The Batman Gallery



This is more job work by Auerhahn: an announcement for an exhibition of Robert La Vigne at The Batman Gallery. I have read quite a bit and there is quite a bit written on the Ferus Gallery but I find myself drawn to The Batman Gallery. I really do not know much about it; Jason Davis recommends Jack Foley's O Her Blackness Sparkles as a place to start. Mental note made and soon to be acted upon.


Billy Jahrmarkt started the Gallery on November 3, 1960 with his father's money. It was in large part a measure to keep Billy occupied and out of trouble. The gallery was sold in 1962 to Michael Argon, who ran it until 1965. This above announcement is late in the game for Batman: 1964.

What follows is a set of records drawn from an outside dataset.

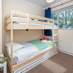 Bunk beds with trundle pull out underneath, bedside table, window to the front, radiator.
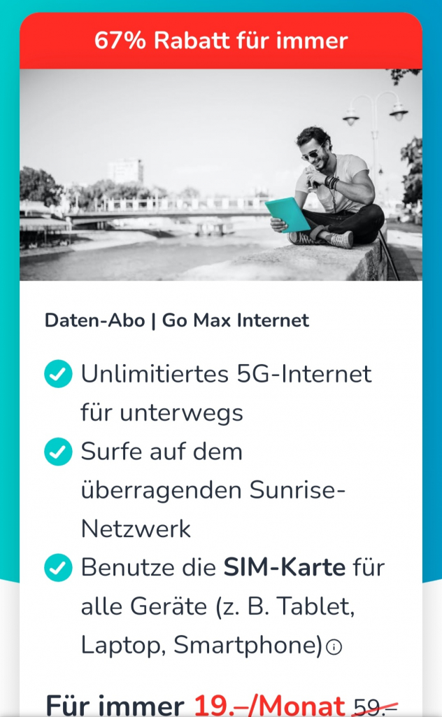 Yallo Daten-Sim mit unlimitiertem 5G Internet für alle Geräte. Anstatt CHF 59.- nur CHF 19.-
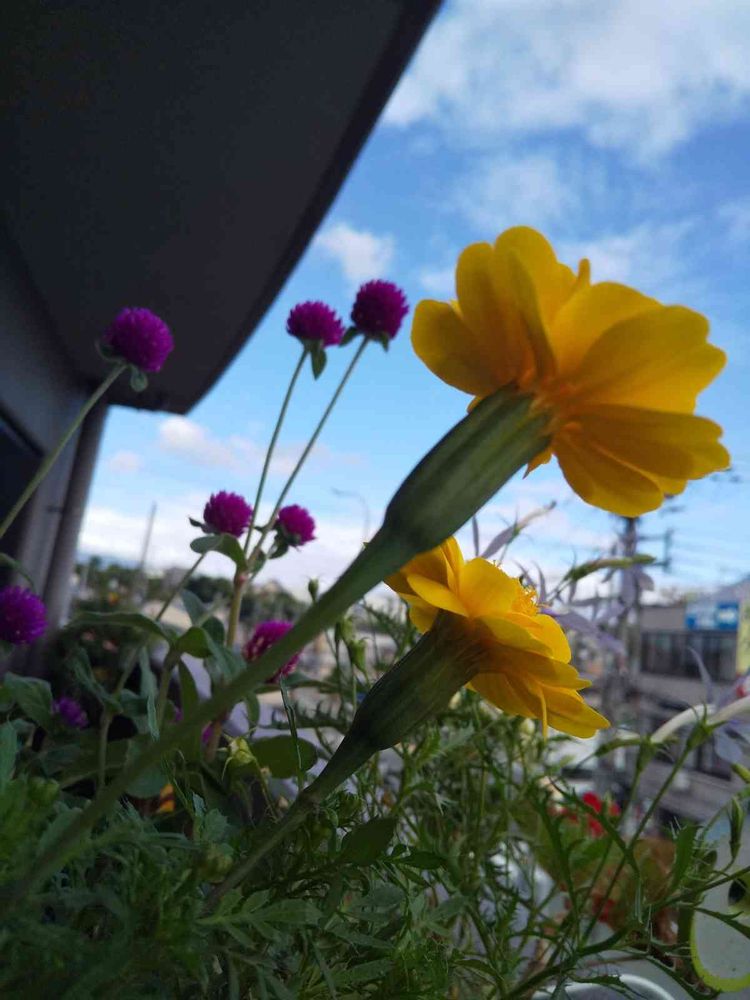 きれいな青い空バックに…マリーゴールド、千日紅さん…

The Gallery was located at 2222 Fillmore, next door to the International Music Hall and down the street from the McClure's residence from 1958 to 1961. Michael McClure figures in huge in the Gallery; he suggested the name (after Billy's obsession with Batman); he persuaded Billy's father to release the money; and he provided content by putting on The Feast there soon after the opening. The space was a defunct dress shop located by Bruce Conner, and he designed the Gallery. Conner was the subject of the Gallery's first show.


Jahrmarkt is one of the doomed figures of the Berman Circle, who played careless with his talents and interests. Given Jahrmarkt's addictions and wandering interest, the Gallery opened when it happened to open; mounted shows on an irregular schedule; and in some cases even sold some art. I would suspect the sale to Agron marked a shift in operating procedure and standardized things a bit. In a characteristic gesture, Jahrmarkt gave Berman his Verifax machine after Billy had grown bored with it. Berman put it to good use.


On Jahrmarkt, McClure states, "Nobody expected Billy to live very long." He did not. Jahrmarkt moved to Afghanistan because heroin and guns were legal and freely obtainable there. In 1973, he dropped a gun and accidentally shot himself in the stomach. Not realizing the direness of the situation, he did nothing to address the wound and bled to death by the morning.


I have to admit that figures like Jahrmarkt fascinate me. And there are several like him in the Berman Circle. The carelessness, the wastefulness, the insouciance. The disrespect shown to one's own abilities and one's artistic output. The opportunity, the possibility, the inheritance, the promise squandered. It is the same reason I am drawn to the philosophies of Bataille. All this was reflected in the creation and day-to-day operations of the Batman Gallery. With Jahrmarkt it is a miracle that anything was accomplished, that any of it survived, and that any of it mattered. In my eyes they definitely did.